使用 numpy(或其他矢量化方法)优化此功能 [英] Optimize this function with numpy (or other vectorization methods)

查看:61
本文介绍了使用 numpy(或其他矢量化方法)优化此功能的处理方法,对大家解决问题具有一定的参考价值,需要的朋友们下面随着小编来一起学习吧!

问题描述

我正在用 Python 计算群体遗传学领域的经典计算.我很清楚有很多算法可以完成这项工作,但出于某种原因我想构建自己的算法.

I am computing with Python a classic calculation in the field of population genetics. I am well aware that there exists many algorithm that do the job but I wanted to build my own for some reason.

下一段是图片,因为 StackOverflow 不支持 MathJax

我想要一个有效的算法来计算那些 Fst.目前,我只设法进行 for 循环,并且没有对计算进行矢量化如何使用 numpy(或其他矢量化方法)进行此计算?
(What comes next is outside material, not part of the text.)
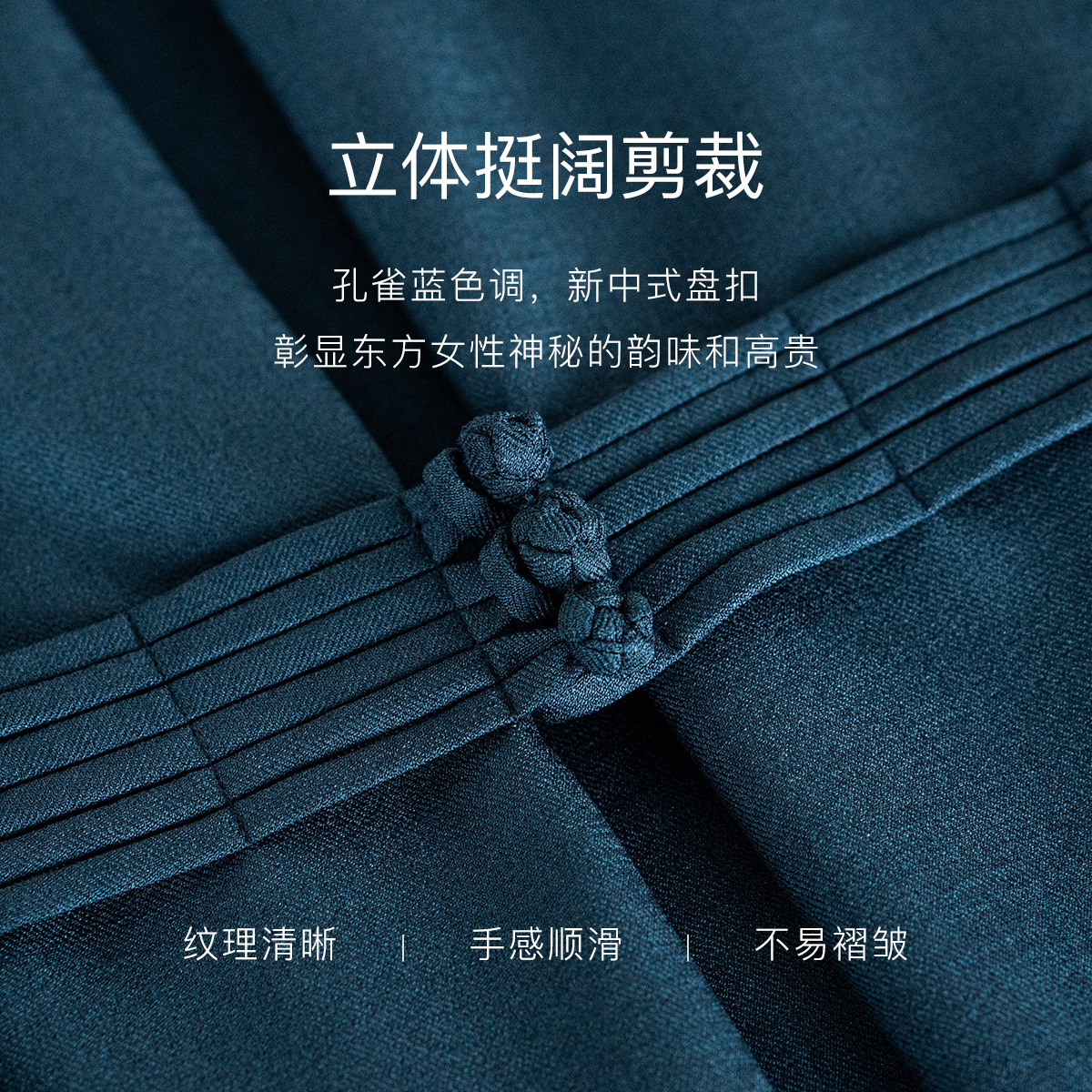 罗衣气质孔雀蓝盘扣收腰连衣裙

I would like to have an efficient algorithm to calculate those Fst. For the moment I only manage to make for loops and no calculations are vectorized How can I make this calculation using numpy (or other vectorization methods)?

这是我认为应该完成这项工作的代码:

Here is a code that I think should do the job:

def Fst(W, p):
    I = len(p[0])
    K = len(p)
    H_T = 0
    H_S = 0
    for i in xrange(I):
        bar_p_i = 0
        for k in xrange(K):
            bar_p_i += W[k] * p[k][i]
            H_S += W[k] * p[k][i] * p[k][i]
        H_T += bar_p_i*bar_p_i
    H_T = 1 - H_T
    H_S = 1 - H_S
    return (H_T - H_S) / H_T

def main():
    W = [0.2, 0.1, 0.2, 0.5]
    p = [[0.1,0.3,0.6],[0,0,1],[0.4,0.5,0.1],[0,0.1,0.9]]
    F = Fst(W,p)
    print("Fst = " + str(F))
    return

main()

推荐答案

这里没有理由使用循环.你真的不应该使用 Numba 或 Cython 来处理这些东西——像你这样的线性代数表达式是 Numpy 中向量化操作背后的全部原因.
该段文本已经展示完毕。